DomainKeys Identified Mail (DKIM) is the latest technology to
take on phishing attacks, which are attempts to steal vital bank or
shopping account information from users via fake emails. Using
digital signatures embedded in mail, the technology can ensure that
a message that claims to be from your bank is telling the
truth.
"DKIM is the email authentication framework and is addressing
forgery issues," Dennis Dayman told weekly technology law podcast
OUT-LAW Radio.

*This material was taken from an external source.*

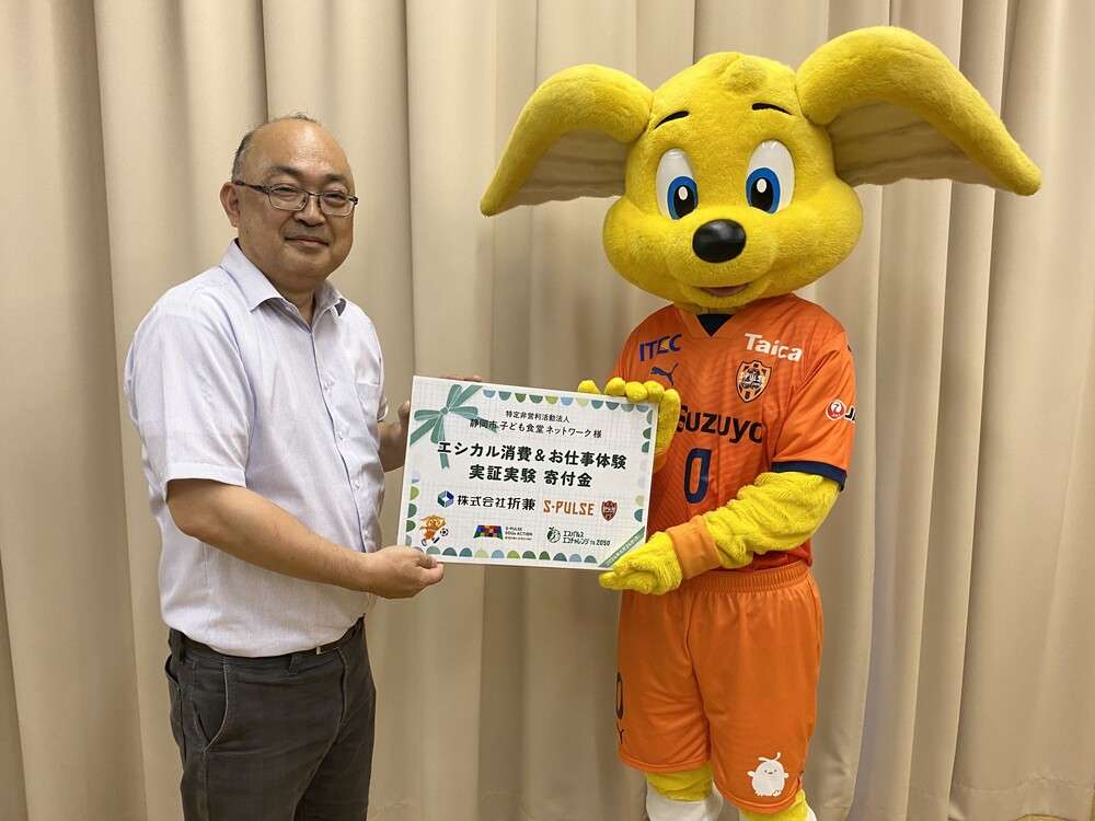 2024年6月24日(火)、エスパルスは株式会社折兼様と共に、SDGs環境教育プログラム『エシカル消費実証実験&お仕事体験企画』にて得られた収益の一部を「静岡市子ども食堂ネットワーク」に寄付させていただくこととなり、贈呈式を実施いたしました。

Dayman is director of
deliverability at email infrastructure firm Strongmail Systems.
"The way that we do that is using cryptography to verify who sent
the message."
"What DKIM does is allow us to identify the source of the email:
did this person send that email? And if they did, we go to a second
process, which is looking at the reputation of that sender, are
they a good sender? Are they a spammer?" said Dayman.
DKIM works by digitally signing every outgoing mail from a
domain. If the email recipient also uses DKIM, it checks the email
signature against a publicly published signature for that domain as
a whole. If the two signatures do not match or if there is no
signature on an incoming mail but there is one attached to the
domain, then the system knows that the mail did not come from where
it claims it did.
This stops phishing, which depends on email users believing that
emails come from a company they deal with when in fact they come
from a fraudster. But email experts said that the system could end
up combating spam as well.
"It's only very indirectly an anti-spam tool," said Jim Fenton,
an engineer at routing giant Cisco who has been instrumental in
DKIM's development. "Spammers can sign their messages just as well
as anyone else can; it's very easy to register a domain and sign
messages from that domain."
"The advantages are that they won't be able to sign messages
coming from my email address, and the other thing is that it gives
a reliable identity on which a reputation or an accreditation can
be based. You can use it to key into these reputation systems in a
way you can't currently because the source email address is too
unreliable," he said.
Eric Allman is an email pioneer and founder of Sendmail. He said
that anti-spam functions will only emerge if DKIM becomes
ubiquitous.
"Right now an unsigned message has no suspicion because most
messages are unsigned," said Allman. "In the future if we get to
the point where most messages are signed, and come from a place of
a good reputation, then something that is either unsigned or comes
from a place with a bad reputation becomes suspicious."
"It's kind of incidental to spam, so we may get into a position
where we force spammers to at least be traceable back to where they
came from," said Allman. "That makes it easier to at least take
action against them. So once again it's an indirect effect, but I
think it's a very real effect on spammers."